WATSON-Net: Vetting, Validation, and Analysis of Transits from Space Observations with Neural Networks

TL;DR

WATSON-Net presents a multi-branch CNN-based tool for automated vetting of transiting exoplanet signals from Kepler and, by extension, TESS. Trained on Kepler DR25 with $10$-fold cross-validation and evaluated across internal and external catalogs, it achieves competitive recall at high precision and strong ranking performance, without mission-specific fine-tuning. The study emphasizes calibration (isotonic and Platt) and defines operational thresholds (LP, LN, VP, VN) to translate probabilistic scores into actionable vetting decisions, while offering a transparent explainability framework via Branch Dropout. Integration into the SHERLOCK pipeline enables automated, interpretable vetting that can guide follow-up prioritization, with the public dearwatson package ensuring reproducibility and community adoption. Collectively, WATSON-Net advances open-source, cross-mission exoplanet vetting by combining rigorous data curation, robust calibration, and interpretable multi-branch deep learning within a production-grade pipeline.

Abstract

Context. As the number of detected transiting exoplanet candidates continues to grow, the need for robust and scalable automated tools to prioritize or validate them has become increasingly critical. Among the most promising solutions, deep learning models offer the ability to interpret complex diagnostic metrics traditionally used in the vetting process. Aims.
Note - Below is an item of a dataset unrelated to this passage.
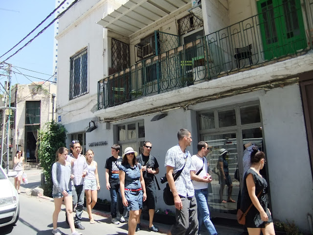 Tourists enjoying the sights of Neve Tzedek

In this work, we present WATSON-Net, a new open-source neural network classifier and data preparation package designed to compete with current state-of-the-art tools for vetting and validation of transiting exoplanet signals from space-based missions. Methods. Trained on Kepler Q1-Q17 DR25 data using 10-fold cross-validation, WATSON-Net produces ten independent models, each evaluated on dedicated validation and test sets. The ten models are calibrated and prepared to be extensible for TESS data by standardizing the input pipeline, allowing for performance assessment across different space missions. Results. For Kepler targets, WATSON-Net achieves a recall-at-precision of 0.99 (R@P0.99) of 0.903, ranking second, with only the ExoMiner network performing better (R@P0.99 = 0.936). For TESS signals, WATSON-Net emerges as the best-performing non-fine-tuned machine learning classifier, achieving a precision of 0.93 and a recall of 0.76 on a test set comprising confirmed planets and false positives. Both the model and its data preparation tools are publicly available in the dearwatson Python package, fully open-source and integrated into the vetting engine of the SHERLOCK pipeline.

Figures (10)

• Figure 1: Neural network global architecture.
• Figure 2: Number of signals matching each of the label criteria. Each NTP signal can potentially match different labels. Dashed vertical lines split three different regions: the left contains the NTP-labeled samples, the middle contains the signals considered as candidates, and the right contains signals labeled as TP (see text for details).
• Figure 3: Isotonic model distribution of the validation set predictions for positive (blue) and negative (red) samples. The top light green area matches the validation threshold, and the cyan area matches the likely planet threshold. The gray area matches the likely negative threshold, and the red area matches the validated negative threshold. The top panel displays the entire combined validation dataset, while the bottom panel plots only the FPs above the LP threshold and the FNs below the LN threshold. The horizontal dotted lines at 0.95 and 0.01 represent the change of scale for the top and bottom of the plot, respectively.
• Figure 4: Distribution of predictions for positive (blue) samples for the 2021_gpc, exominer2022, and exominer2023 test sets. On the one hand, the light-green area corresponds to the validation threshold, and the cyan area corresponds to the likely planet threshold. On the other hand, the gray area corresponds to the likely negative threshold, and the red area to the validated negative threshold. The top panel shows the distribution of predictions for the 2021_gpc test set, and the bottom panel shows the distribution of predictions for the exominer2022 and exominer2023 combined test set. The horizontal dotted lines at 0.95 and 0.01 represent the change of scale for the top and bottom of the plot, respectively.
• Figure 5: Distribution of predictions for positive (blue) and negative (red) samples. The light-green area corresponds to the validation threshold, and the cyan area corresponds to the likely planet threshold. The gray area corresponds to the likely negative threshold, and the red area to the validated negative threshold. The top panel shows the distribution of all the predictions for the TESS test set. The bottom panel displays the distribution of incorrect classifications, including false positives (FPs) above the LP threshold and false negatives (FNs) below the LN threshold. The horizontal dotted lines at 0.95 and 0.01 represent the change of scale for the top and bottom of the plot, respectively.